Re: html to postgres...

From
"Richard Huxton"
Date:
From: "Tony Grant" <tony@animaproductions.com>

> On 16 Jul 2001 11:07:55 -0400, Mitch Vincent wrote:
> > You could put the entire HTML page directly into a text type field in
> > PG..... That would give you limited flexibility as far as searching and
> > indexing goes but you didn't mention any specifics of what you were
> > attempting to do by having the pages in a database....
>
> Yes I was vague - the heat is coming back...
>
> These are film and director pages in a movie site. I am looking at
> HTML->XML tools then with a parser I should be able to create a tab
> delimited text file.

Did something similar myself a while ago.

Assuming the pages were all generated from a template originally, I found
the following the simplest.

Construct your database structure, create some test data.
Create output system (db=>xml=>html whatever)
Build a (set of) perl script(s) to parse the HTML and strip the data out (if
your pages are anything like mine, they're not *identical* formats so you'll
end up needing something custom-built).
Push the data into PostgreSQL.
Publish the website from the database
Run a "diff" of the old and new pages
Tweak system as required and repeat until satisfied everything works.

The key problem I found was that unless the pages were generated from a
database to start with, they all seemed to have minor changes. The only way
I could be satisfied I'd not missed data was to publish and compare. The
first couple of "diff"s were scary, and I ended up cutting and pasting a few
pieces manually, but I got everything out.

HTH

- Richard Huxton


Re: html to postgres...

From
Tony Grant
Date:
Thanks to all for the input.

Because of the limits of my knowledge of perl, C etc...

I'll do a batch job from BBEdit. I have found a Tidy plugin for BBEdit,
installed the latest version of BBEdit Lite and the HTML tools. All I
need now is to write up the description for the XML output.

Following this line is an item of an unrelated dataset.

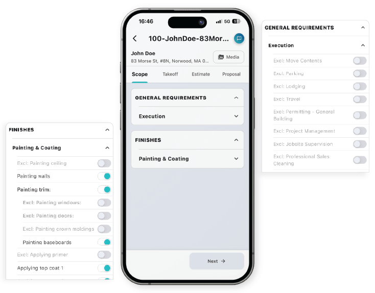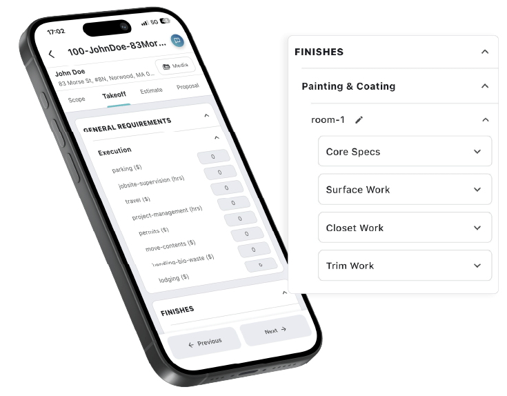Tally turns your site walk’s voice or video into our patented Tally's Step Process (scope - takeoff - estimate - proposal), so you can send proposals to clients before leaving the jobsite.

While it may sound strange that I'll do this from a Mac it is the tool I
am most familiar with for this type of task. From 1994 till 1998 I used
BBEdit as content creation, ftp and data preformatting tool for SQL.

Cheers

Tony

--
RedHat Linux on Sony Vaio C1XD/S
http://www.animaproductions.com/linux2.html
Macromedia UltraDev with PostgreSQL
http://www.animaproductions.com/ultra.html


Re: html to postgres...

From
V Alex Brennen
Date:
On 16 Jul 2001, Tony Grant wrote:

> Hello,
>
> I have several hundred HTML (!) pages that need to be converted to a
> format that in turn can be imported into PostgreSQL. They are all built
> on a very similar grid.
>
> Any thoughts?

I've written code to store ASCII text in pg Oids.  I also have
code that pulls out the ASCII text and renders it as part of a
web page. The use is the storage of radix encoded openPGP Public
Keys for a public key server.  The code is all written in C.


You can get the code from:
http://www.cryptnet.net/fsp/cks/

And you can see the keyserver running (with about 120,000 keys
in the db) at:
http://keyserver.cryptnet.net/


    - VAB
---
V. Alex Brennen      <vab@cryptnet.net>
[ http://www.cryptnet.net/people/vab/ ]
[ http://www.advogato.org/person/vab/ ]